Say what you want about how contrived and predictable The Proposal is, at the very least, Sandra Bullock’s character recognizes her own limitations and grows by the end of the movie. Like Verona in Away We Go, Margaret in The Proposal longs for a family, but she doesn’t know it. An event happens that takes her on a journey where she has to come to terms with her desire for a home. But in the end, she realizes that marriage is serious and stable family relationships are based on trust and self-sacrifice and commitment. True, the diaglogue is not nearly as clever or punchy, but the leads there are pretty charming. I’m not saying it’s a better movie, but at least it bothers to tell a story, albeit one we’ve all seen before.
Of course this could all be my problem, as I mentioned above. There was no way to seamlessly put a wedding into Away We Go without it having too Hollywood of an ending. And maybe I was thinking this was more of a romantic comedy than the dramedy it was intended to be. I mean this is pre-baby. It’s not like this was supposed to be The Squid and the Whale or The Royal Tenenbaums. So, as Dave Eggers himself might say, feel free to disregard all the parts about marriage and read only the stuff about punchy dialogue and the performances by John Krasinski and Maya Rudolph. Away We Go is this year’s Little Miss Sunshine, a charming and funny tale with great actors and funny dialogue about characters that take a journey and go absolutely nowhere.
I’m glad that the Disney-Rousseau piece resonated with you, R. J. I decided to make a separate article of these comments, so that more readers will see it.
I will try to write more about Rousseau in coming weeks so that more people will feel comfortable in making that connection to contemporary cultural products. The destruction of Rousseauism is an essential part of the process of restoring sense to the Western mind–assuming that it’s not already too late for that.
I figured you’d dig that. I even thought of your essay on Disney and Rousseau while I was writing it. Of course, I’m not as much of a scholar as yourself on Rousseau, so I didn’t want to risk overreaching by making the connection.

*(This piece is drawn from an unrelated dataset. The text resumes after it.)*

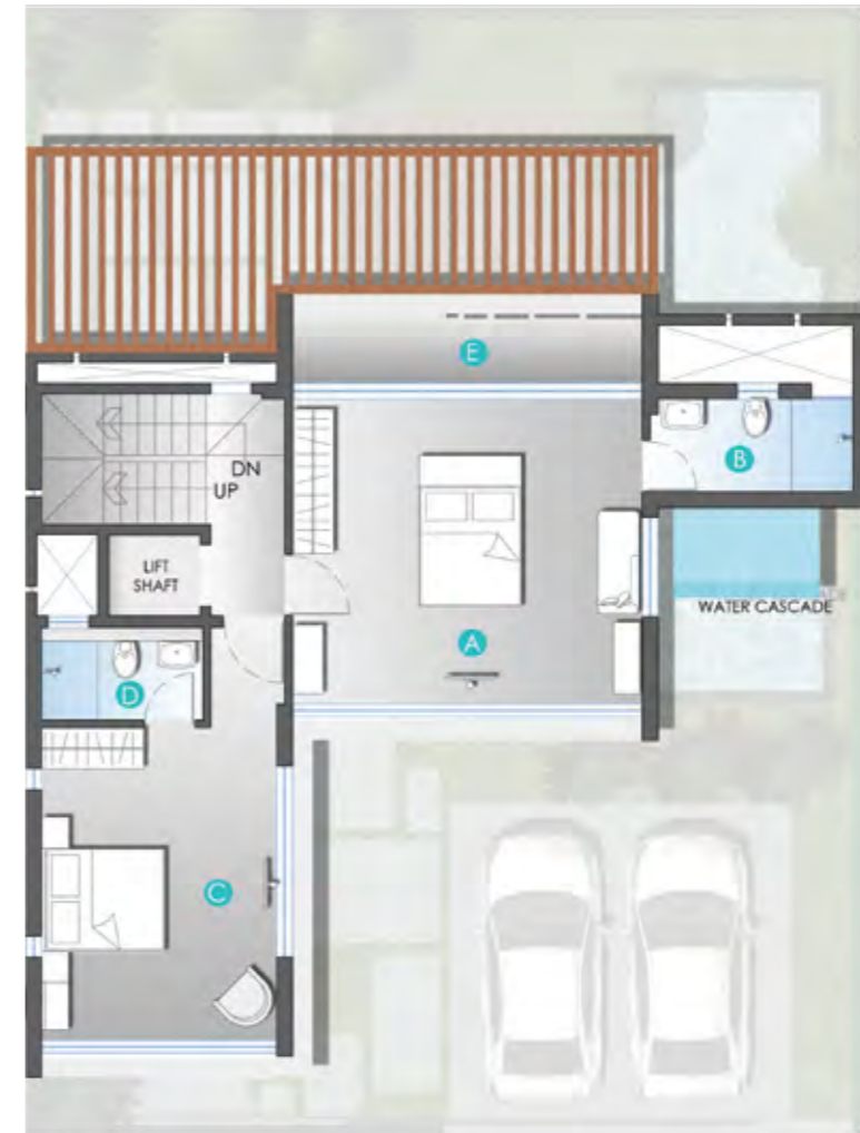
FIRST FLOOR PLAN - TYPE A

R. J., this is an absolutely brilliant review. Throughout your critique you have captured the little secret behind these seemingly raffish, charming, shaggy-dog tales. They have a message, and it is a very bad one.
To wit, they express the philosophy of Jean-Jacques Rousseau, which, with Marxism, is the foundation for the modern statist perversion of liberalism.
Rousseau’s fundamental idea is that humans are born good and are subsequently corrupted by society. (A common expression of an aspect of this philosophy is the idea of the “noble savage,” as is the contemporary illusion that primitive peoples are actually better than corrupt modern societies.)
This notion, which contradicts both Christianity and scientific observation, was the foundation for Romanticism in the 19th century and of the twentieth century modern-liberal notion of universal self-fulfillment, an obvious impossibility.
Note how the following statements from your review indicate this philosophy as a foundation of Away We Go:
“We’re lead to believe they will be good and rational because they’re the goodest and rationalest of the bunch, not because their actions give us any reassurances.”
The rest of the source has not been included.